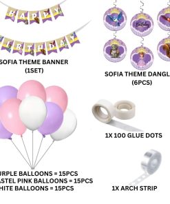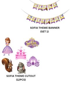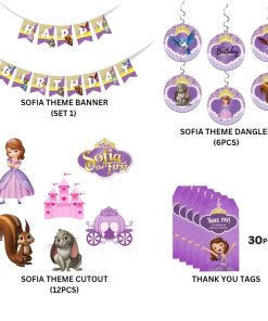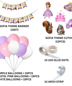 Sofia Theme Model 2 Birthday Kits – (6 Inches/250 GSM Cardstock/Purple , White & Pink/54Pcs)
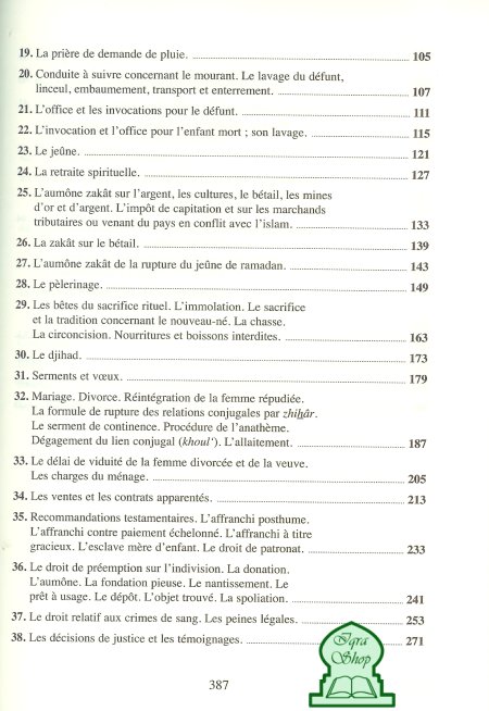 Ce livre écrit au temps de la splendeur de Kairouan, contient les connaissances de base sur l'islam et sa loi. Aide-mémoire, à l'origine, il est devenu au fil des temps une référence. L'ouvrage est en arabe et en français.
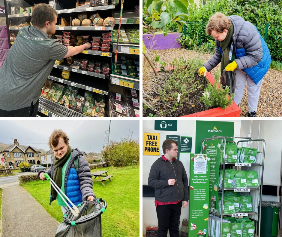 Since then, Toby has made amazing progress. He now volunteers at Skipton Holy Trinity Church, Morrisons, and Airedale Hospital, gaining confidence, independence, and social skills. He’s moved from needing one-to-one support to working independently and chatting comfortably with others.
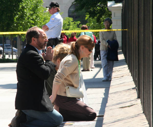 基督教捍卫联盟的三名成员在白宫前跪下祈祷,声援在白宫喊话的王文怡博士,呼吁制止中共迫害法轮功 2006-5-2
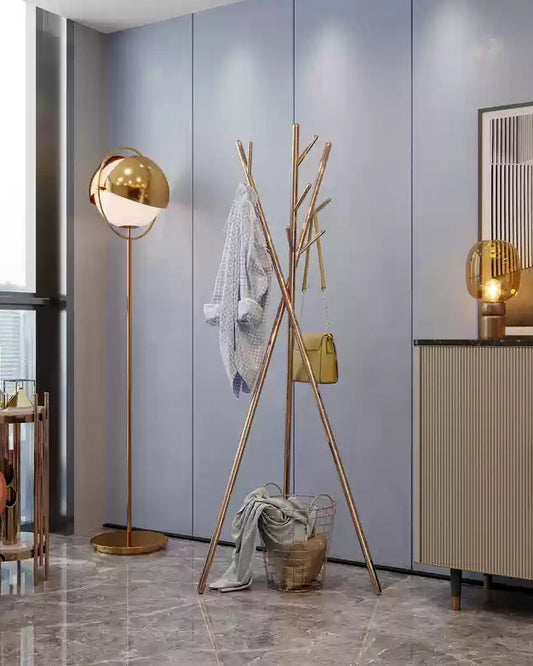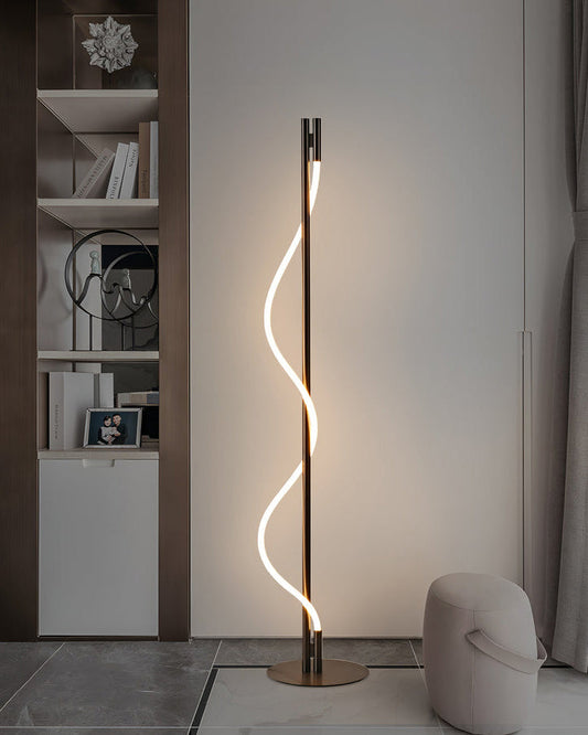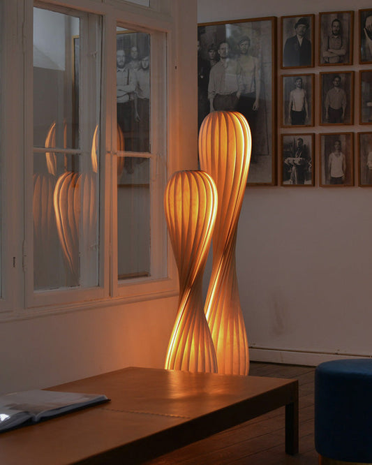Lampadaire en Bois à Tour Torsadée -Élégance Sculptée
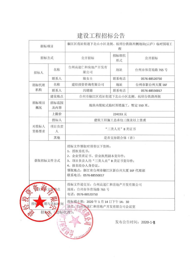 椒江區(qū)葭沚街道下北山小區(qū)北側、杭紹臺鐵路西側地塊(云廬)臨時圍墻工程招標公告
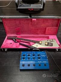 Chitarra Roland G 707 con synth Roland GR 300; midi controller Ibanez MC1. Piccola scheggiatura sulla paletta della chitarra (vedi foto). Qualche graffio sul retro della chitarra (vedi foto). Custodia chitarra originale. Fondo del GR 300 riverniciato. Tutto perfettamente funzionante.
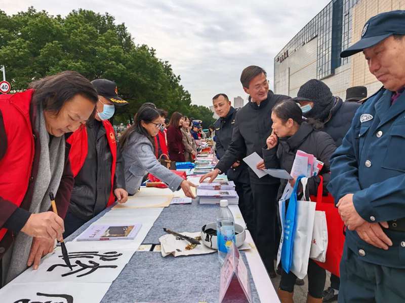 12月4日,正值第十二个“国家宪法日”,来安县白云商厦广场上人头攒动,县“12.4”国家宪法宣传日集中宣传活动正在这里举行。县文联组织文艺志愿者,将传统书法艺术与宪法精神巧妙融合,以笔墨为桥梁,为市民送上了一场富有文化底蕴的法治“盛宴”。
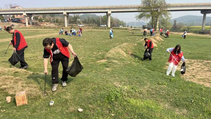 上午9时,志愿者们身穿红马甲,手持夹子、垃圾袋等工具,沿着河道附近展开地毯式清理。河岸边,干部职工带头弯腰捡拾塑料瓶、废弃包装袋等生活垃圾;浅水区,志愿者们涉水打捞漂浮物,连隐藏在草丛中的烟头、纸屑也不放过。大家分工协作,干劲十足,忙碌的身影成为春日里一道亮丽的风景线。经过一上午的努力,共清理垃圾3车,河道面貌焕然一新。
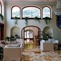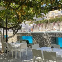 酒店的位置很好,距離翁貝託一世廣場很近,一路上都是名牌專賣店,就是卡普里島最著名的五星級酒店隔壁。酒店的房間雖然不大,但設施齊全,竟然有一個游泳池和檸檬樹下的酒吧。酒店的大堂很大很漂亮,工作人員態度也很好。自助早餐中規中矩。三月中旬的價格實在是便宜,單人間衹要每晚九百多人民幣,據説夏天旺季房價要漲到5千人民幣。
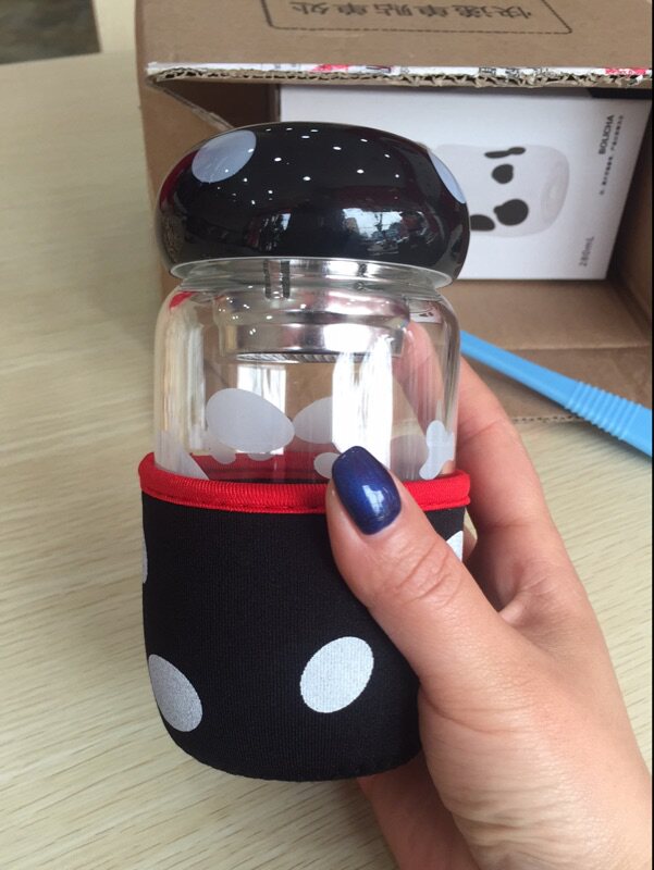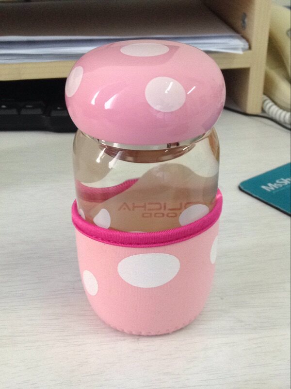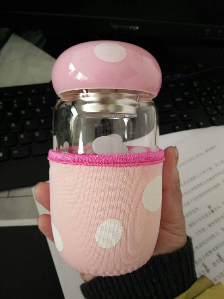 创意蘑菇玻璃杯 便携带盖过滤茶漏带杯套茶杯 学生情侣男女水杯
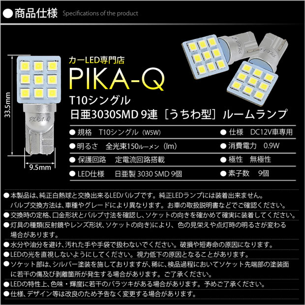 単 T10 LED ルームランプ用LED 日亜3030 9連 うちわ型 ルームランプ用ウェッジバルブ 150lm ホワイト 無極性 1セット2個入 11-H-22
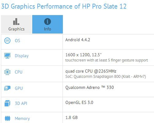 HP может забрать часть успеха у компании Samsung, выпустив свой гигантский Android-планшет. Устройство под названием HP Slate 12 Pro недавно появилось на сайте GFXBench. Похоже, что новинка от HP будет поставляться с 12.5-дюймовым дисплеем. Планшет также может быть оснащен четырехъядерным процессором Qualcomm Snapdragon 800, дисплеем с разрешением 1600х1200 пикселей (с соотношением сторон 4:3), 2 ГБ оперативной памяти и 16 ГБ встроенной памяти. С тыльной стороны расположена 8-мегапиксельная камера, а с фронтальной – 2-мегапиксельная.
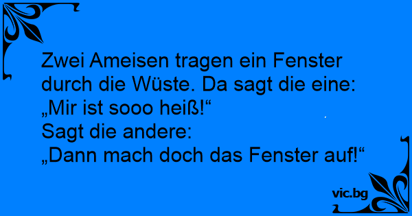 Zwei Ameisen tragen ein Fenster durch die Wüste. Da sagt die eine:
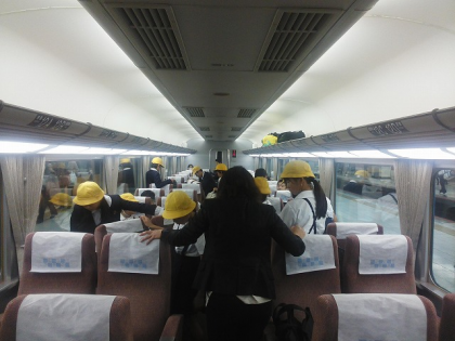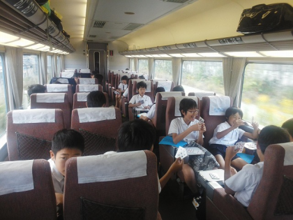 車内でトランプをしたり,友だちと談笑したり…。移動時間も楽しく過ごしています。
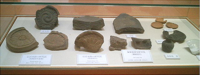 と)の屋根は瓦で葺かれていた。寺の場所は確定していないが、多くの瓦が出土している。なかでも軒丸瓦(の
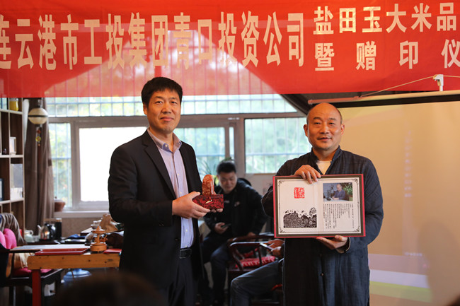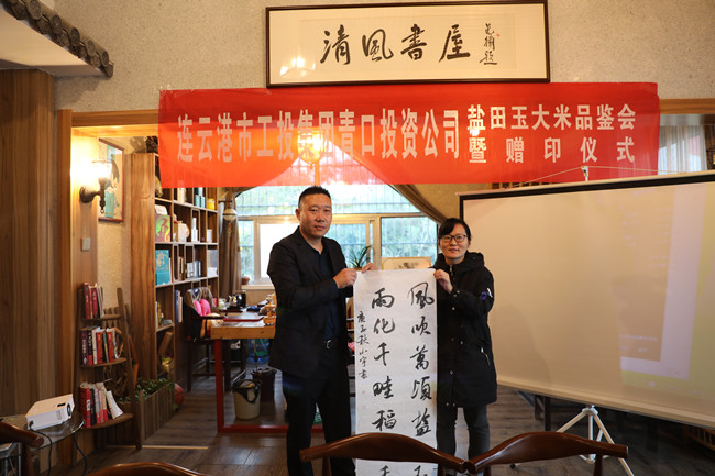 10月16日,青口投資公司米業(yè)營銷中心在海州區(qū)清風(fēng)書屋開展“鹽田玉大米品鑒會(huì)暨贈(zèng)印活動(dòng)”。投資公司董事長胡傳法、中國書法家協(xié)會(huì)會(huì)員汪鐵穎以及部分連云港市海州區(qū)書法家協(xié)會(huì)會(huì)員參加活動(dòng)。
# # # # #
## Brief
Only the lines from the line with "車内でトランプをしたり,友だちと談笑したり…。移動時間も楽しく過ごしています。" through the closing line of the data, both included, should be set down, exactly as written and without pictures.

## Written reply
 車内でトランプをしたり,友だちと談笑したり…。移動時間も楽しく過ごしています。
 と)の屋根は瓦で葺かれていた。寺の場所は確定していないが、多くの瓦が出土している。なかでも軒丸瓦(の
 10月16日,青口投資公司米業(yè)營銷中心在海州區(qū)清風(fēng)書屋開展“鹽田玉大米品鑒會(huì)暨贈(zèng)印活動(dòng)”。投資公司董事長胡傳法、中國書法家協(xié)會(huì)會(huì)員汪鐵穎以及部分連云港市海州區(qū)書法家協(xié)會(huì)會(huì)員參加活動(dòng)。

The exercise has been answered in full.